## Exercise
Only the lines from the top of the listing below to the line that has "- POWER-OVER-ETHERNET: 16" should be echoed, with both ends kept and pictures left out.

## Extracted data
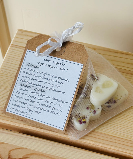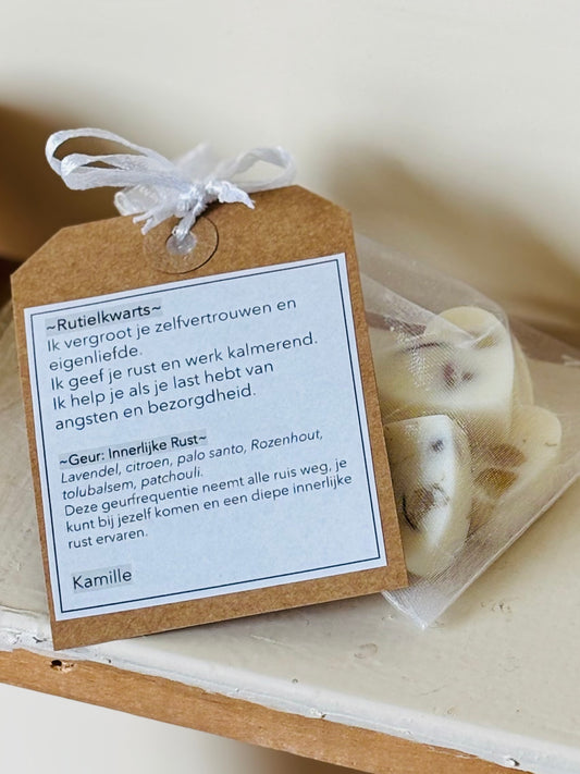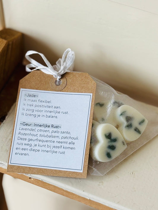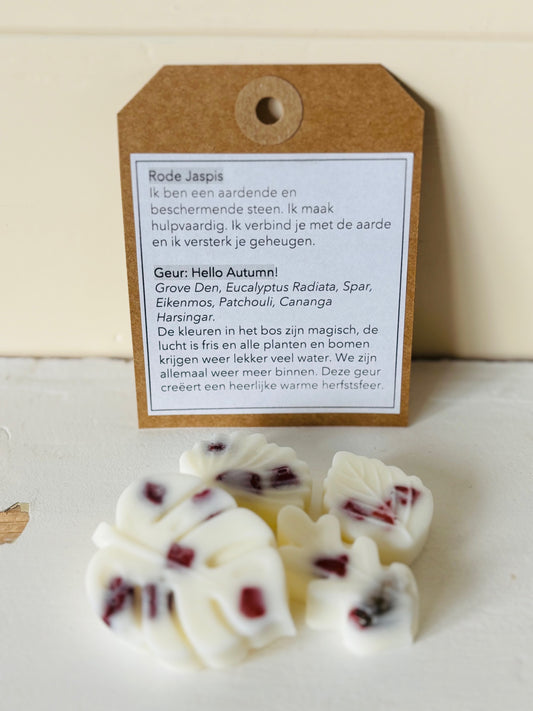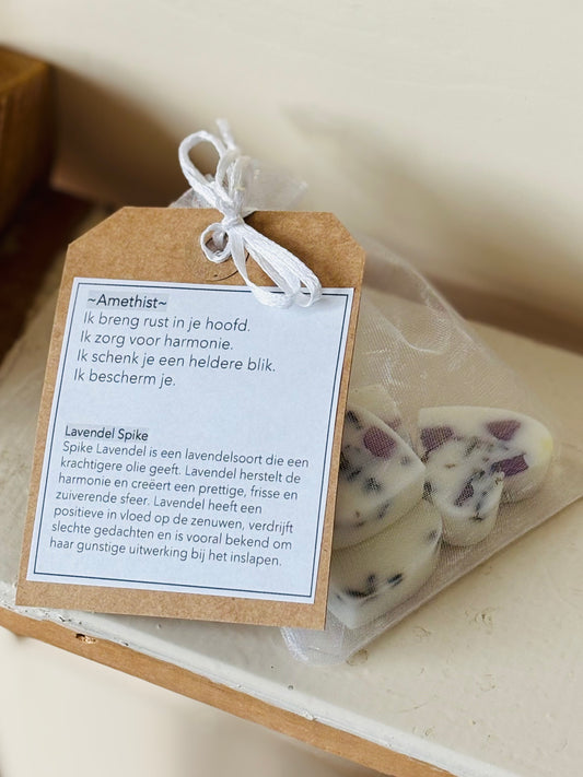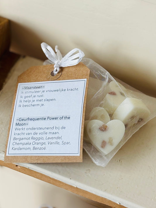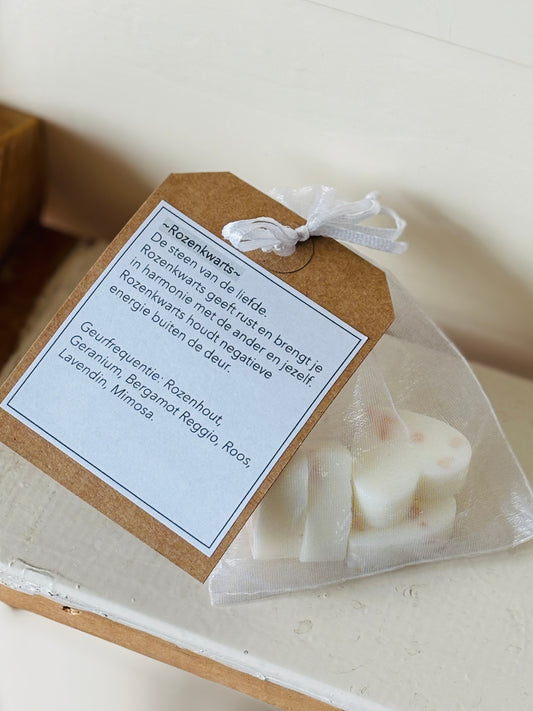 Waxmelts zijn lieve kleine geurbommetjes, die gemaakt zijn van koolzaadwas en ze hebben ook nog eens een mooie betekenis. In iedere waxmelt zit een prachtig steentje verstopt, die tevoorschijn komt als je het laat smelten in een brander. Eén waxmelt geeft je uren geurplezier!
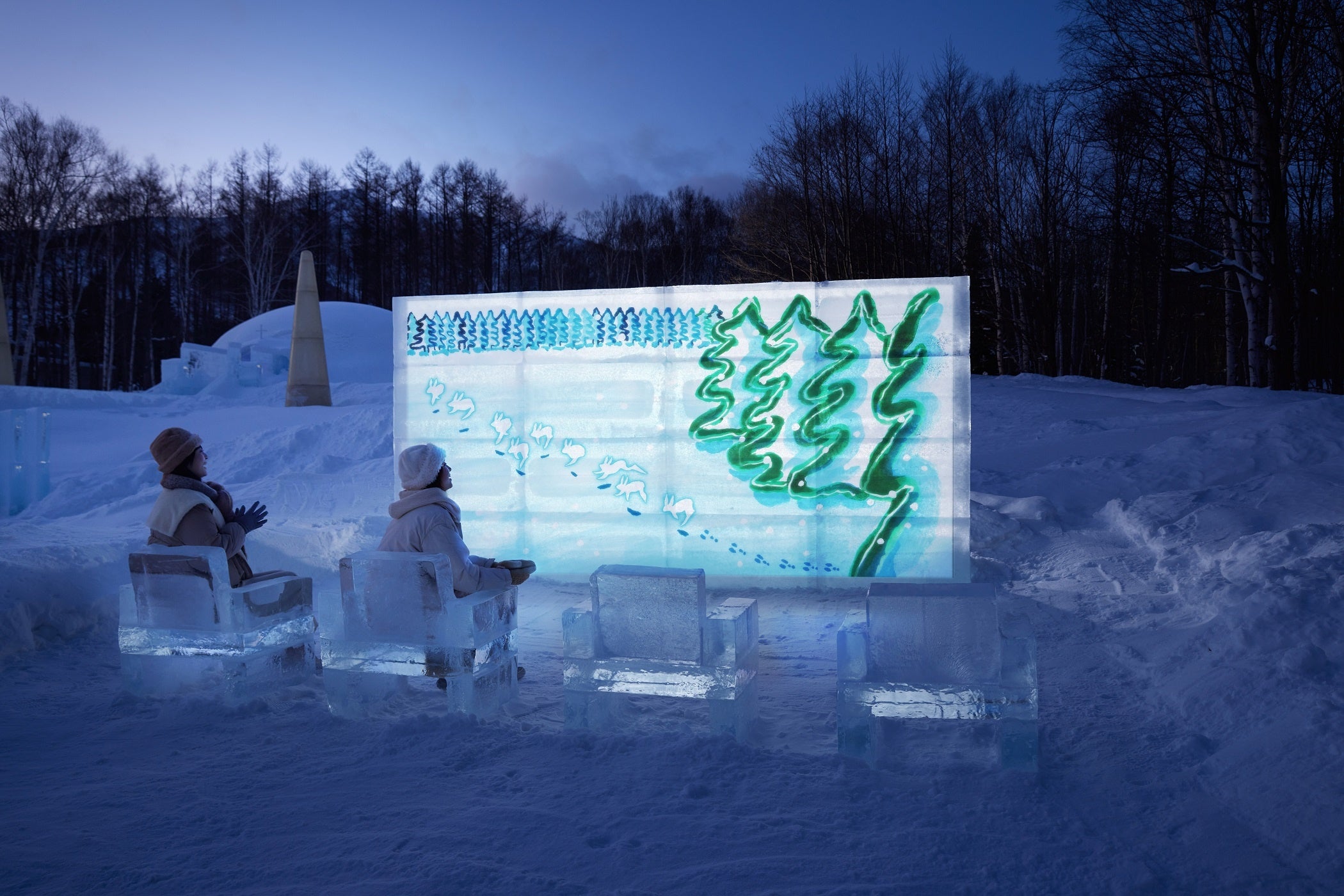 アイスヴィレッジの野外スペースに、氷でできたスクリーンでショートムービーを観賞する氷のシアターが登場します。氷のシアターはスクリーンも椅子も氷。アイスヴィレッジ内のショップでポップコーンやドリンクを買って、氷の街ならではのシアターを楽しむのがおすすめです。ショートムービーは北海道在住の絵本作家である、あべ弘士氏のオリジナル作品です。さまざまな動物が登場して物語を紡ぐハートウォーミングな内容です。マイナス30度の氷の世界でありながら、心温まる物語を楽しむことができます。
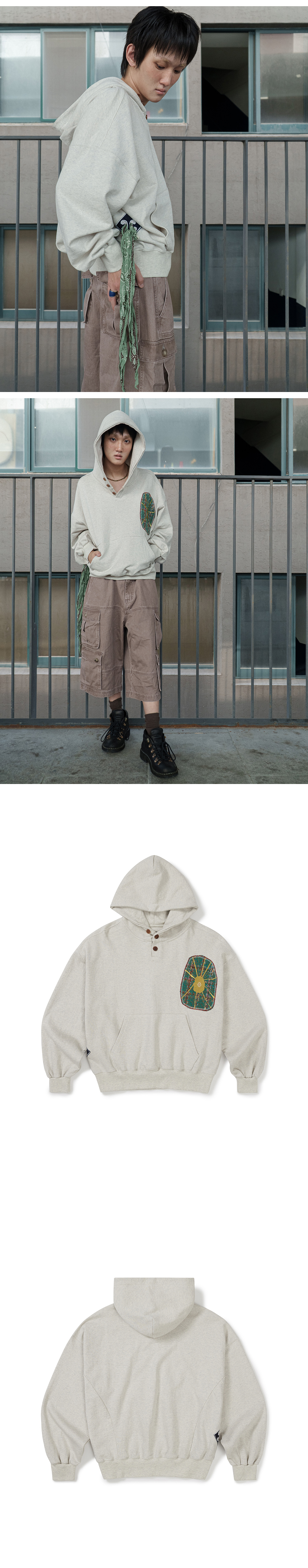 Product Info. - 워싱 가공을 거쳐 탄탄하지만 소프트한 스킨십의 750g 헤비쮸리 소재 - 여유로운 착용감의 릴렉스드 핏 실루엣, 경쾌한 기장감의 후드 티셔츠 - 전면 버튼 여밈, Real Cow Horn Button 사용 - 프런트 빈티지 무드의 패치워크 자수 디자인 - 래시 탭 디테일을 재해석한 사이드 패치워크 자수 디자인 *MODEL 176cm, wearing size 01
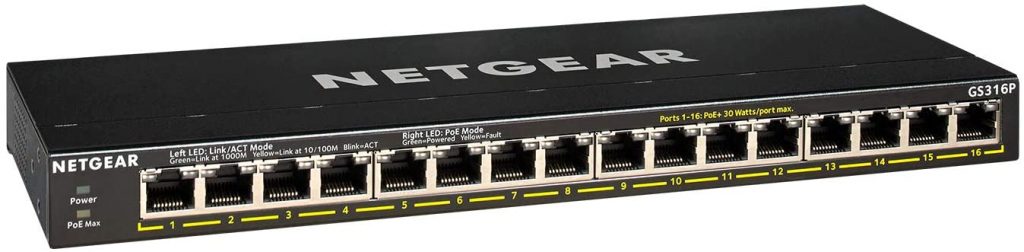 - POWER-OVER-ETHERNET: 16 PoE+ Ports mit Gesamtleistungsbudget von 115W und NETGEAR FlexPoE für Erweiterung auf 183 W (mit separat erworbenem Netzteil)
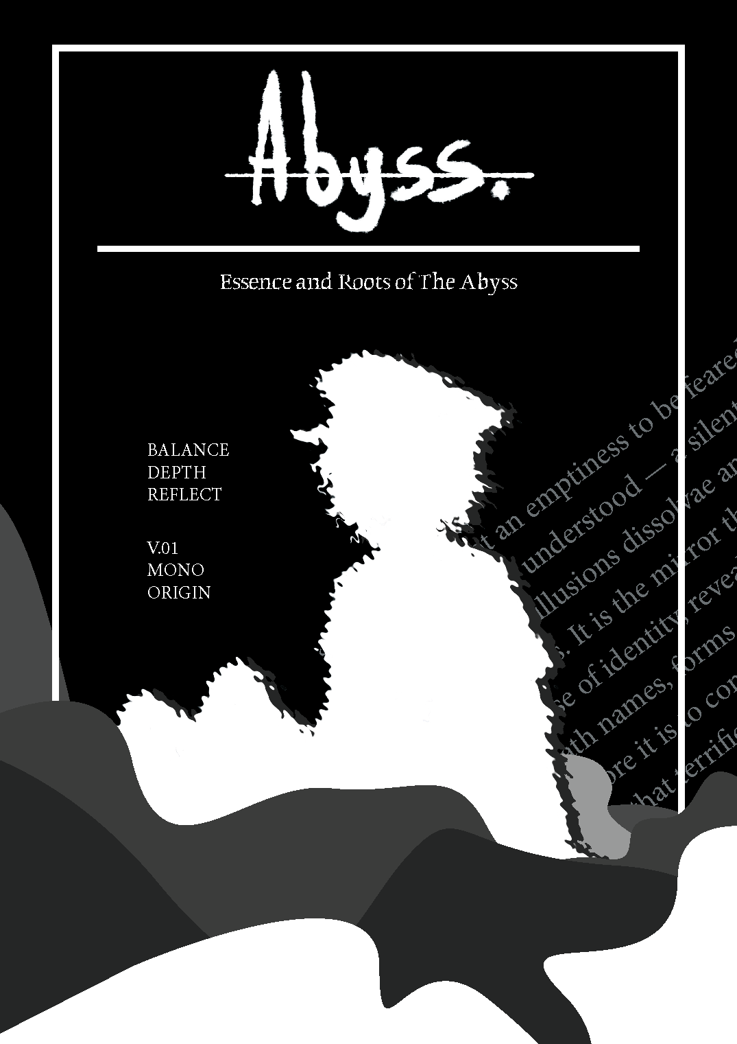 Abyss is a conceptual brand identity project that explores the deeper and often unspoken layers of human emotion through minimalism, contrast, and atmospheric design. Using a symbolic color palette of Soul White, Serenity, Abyss Black, and Fragile, the project visualizes the tension between softness and depth, clarity and darkness, vulnerability and weight. The identity was developed through a structured creative process involving moodboard creation, logo experimentation with fonts, hand-drawn variations and geometric elements, and the application of the visual language across a magazine and poster. With its use of liquid shapes, restrained layouts, and avant-garde typography, Abyss functions both as an emotional exploration and a reflection of the designer’s personal style. The project ultimately demonstrates how abstract feelings can be translated into coherent visual communication while also serving as a meta-representation of the designer’s creative philosophy and artistic identity
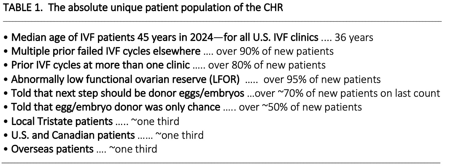Today, CHR has effectively become a global “last-resort” fertility center. Table 1 below summarizes the truly unique characteristics of CHR’s current patient population.
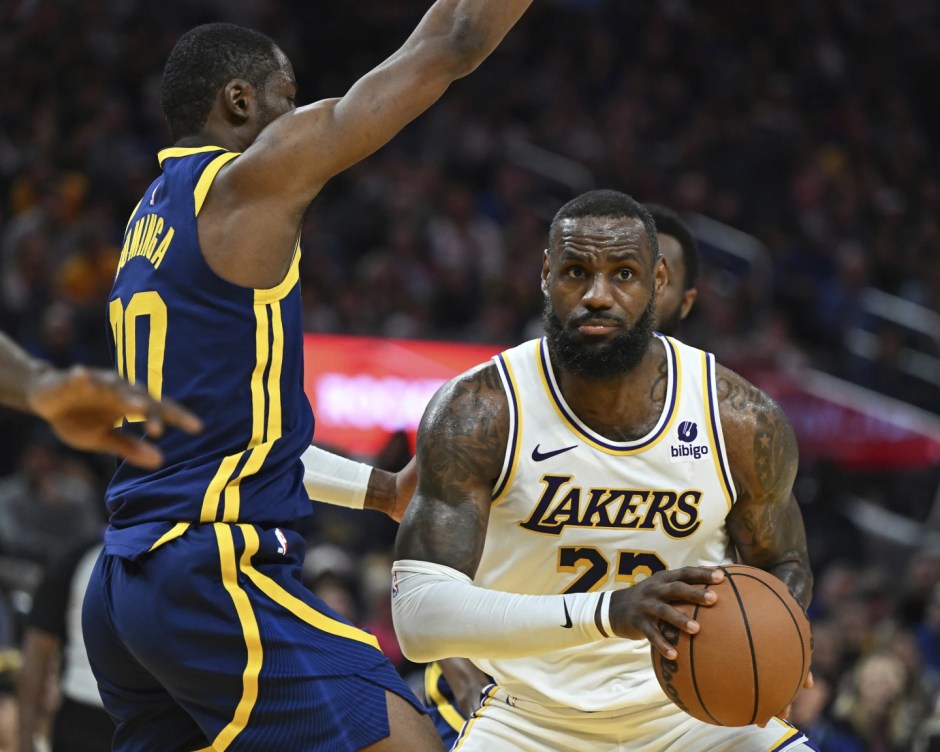 The Golden State Warriors forward Jonathan Kuminga (left) tries to defend the Los Angeles Lakers forward LeBron James (23) at Chase Center in San Francisco on Sun Jan 28, 2024 (AP News photo)
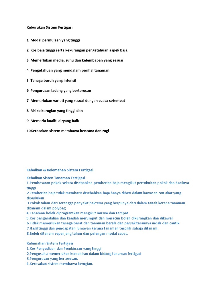Projek ucam perkongsian daripada dr muzamil kaedah penanaman secara fertiga. 3 Memerlukan media suhu dan kelembapan yang sesuai 4 Pengetahuan yang mendalam perihal tanaman 5 Tenaga buruh yang intensif 6 Pengurusan ladang yang berterusan. Bila kekurangan atau kelebihan akan mengakibatkan pertumbuhan tanaman terganggu dan hasil produksi yang diperoleh pun kadang kurang maksimal.
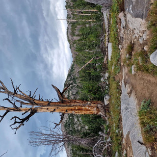 All the climbing of today is mostly in the afternoon. Vista hikes out a couple of minutes before me, but little later I pass her again. We have discussed camp spots for tonight, but I will await her again in the afternoon for sure. Just before reaching the bottom of Hat Pass, it started to rain heavily on me. I am looking for a tree to hide under, as it also starts to hail a little. I waited out the storm under that tree, it only lasts a couple of minutes and the sun is back out. But since I dried out my gear in the morning we are being hunted by rain. All afternoon we get rained on a little, but manage to escape the big rain, so I never put on my raingear yet. When I see Vista I start the climb up to Hat Pass. But only about half a mile in, I had to stop under a tree again, due to rain and little hail. Vista is just behind me and together we wait about 10 minutes. Then we move on, like another 0.3 miles before the next rain and hail is hitting us and we hid under the next tree! Luckily theses storms only last a couple of minutes so it is easy and best to wait them out. 1.5 miles later, only 0.4 miles before the top of the pass, it starts to thunder, lightening and rain heavily. I have some good trees next to me and hide under them, thinking this will also only last for 5 or 10 minutes. Another hiker from LA, being out here for 1 week, is joining me. He was on his way up to the top of the pass, but then turned around when the lightening started. Quickly I realized that this is gonna be a heavier storm, also it starts to hail again, and these hail corns are bigger. I put on my rainjacket and rainpants (I have learned my lesson yesterday!) And hide deeper into the trees. Vista must be under some trees behind me too. I am happy the guy from LA is here with me! I get very cold, it's also heavily windy, even with my raingear on, and I put on my jumper and gloves too. Under these trees it is a little easier to do, but I still get a little wet. I thought we waited for about 30 minutes but the storm took actually slightly more than an hour again, messing up with our hiking schedule! Having the trees as shelter and not only the rock as yesterday was much more comfortable though. I still don't want to repeat this again! As soon as the storm passed and there is a break from hail, Vista hikes by and together we run up to the top of the pass, both being scared that may a second storm will roll over any minute, as it did yesterday. Reaching the top we get blue sky on the other side. And the sun is just about to come out again, wonderful! I could use some sun and warmth and drying off my rain gear while hiking. The views are stunning and very dramatic with that weatfer. We are hiking on but soon realize that we will not make it to our camp site in about 3.6 miles anymore. It is already 7.30pm. We decide to grab water at the next source and look around for a camp site thereafter, as we run into a hiker going south. He tells us about great camping coming up in abouts1.3 miles. Let's do it! We get water at the next river in 0.3 miles and hike up the next hill to a junction 0.3 miles further. There is a great flat area with trees and about 10 other camper's (so it was only 0.6 miles and not 1.3 miles as the other hiker thought). We find a great spot, save from the heavy winds, a little away from all the others, cook dinner right in front of Vista's tent and are finally in tent by 9.15pm, just as it starts to rain, thunder and lightening again! Good timing! And we only did about 2 miles less than we planned for, again the hailstorm in the afternoon crossed our plans. But that's fine. Tomorrow we will try to hike 25+ miles and the day after we hopefully we make it to Pinedale! I am so ready for a bed, a hot shower, warm food and a good rest!
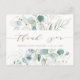Cette carte postale de remercient les feuilles peints d'aquarelle eucalyptus, vert botanique et de parties scintillant d'or avec script or.

## Task output
 Waxmelts zijn lieve kleine geurbommetjes, die gemaakt zijn van koolzaadwas en ze hebben ook nog eens een mooie betekenis. In iedere waxmelt zit een prachtig steentje verstopt, die tevoorschijn komt als je het laat smelten in een brander. Eén waxmelt geeft je uren geurplezier!
 アイスヴィレッジの野外スペースに、氷でできたスクリーンでショートムービーを観賞する氷のシアターが登場します。氷のシアターはスクリーンも椅子も氷。アイスヴィレッジ内のショップでポップコーンやドリンクを買って、氷の街ならではのシアターを楽しむのがおすすめです。ショートムービーは北海道在住の絵本作家である、あべ弘士氏のオリジナル作品です。さまざまな動物が登場して物語を紡ぐハートウォーミングな内容です。マイナス30度の氷の世界でありながら、心温まる物語を楽しむことができます。
 Product Info. - 워싱 가공을 거쳐 탄탄하지만 소프트한 스킨십의 750g 헤비쮸리 소재 - 여유로운 착용감의 릴렉스드 핏 실루엣, 경쾌한 기장감의 후드 티셔츠 - 전면 버튼 여밈, Real Cow Horn Button 사용 - 프런트 빈티지 무드의 패치워크 자수 디자인 - 래시 탭 디테일을 재해석한 사이드 패치워크 자수 디자인 *MODEL 176cm, wearing size 01
 - POWER-OVER-ETHERNET: 16 PoE+ Ports mit Gesamtleistungsbudget von 115W und NETGEAR FlexPoE für Erweiterung auf 183 W (mit separat erworbenem Netzteil)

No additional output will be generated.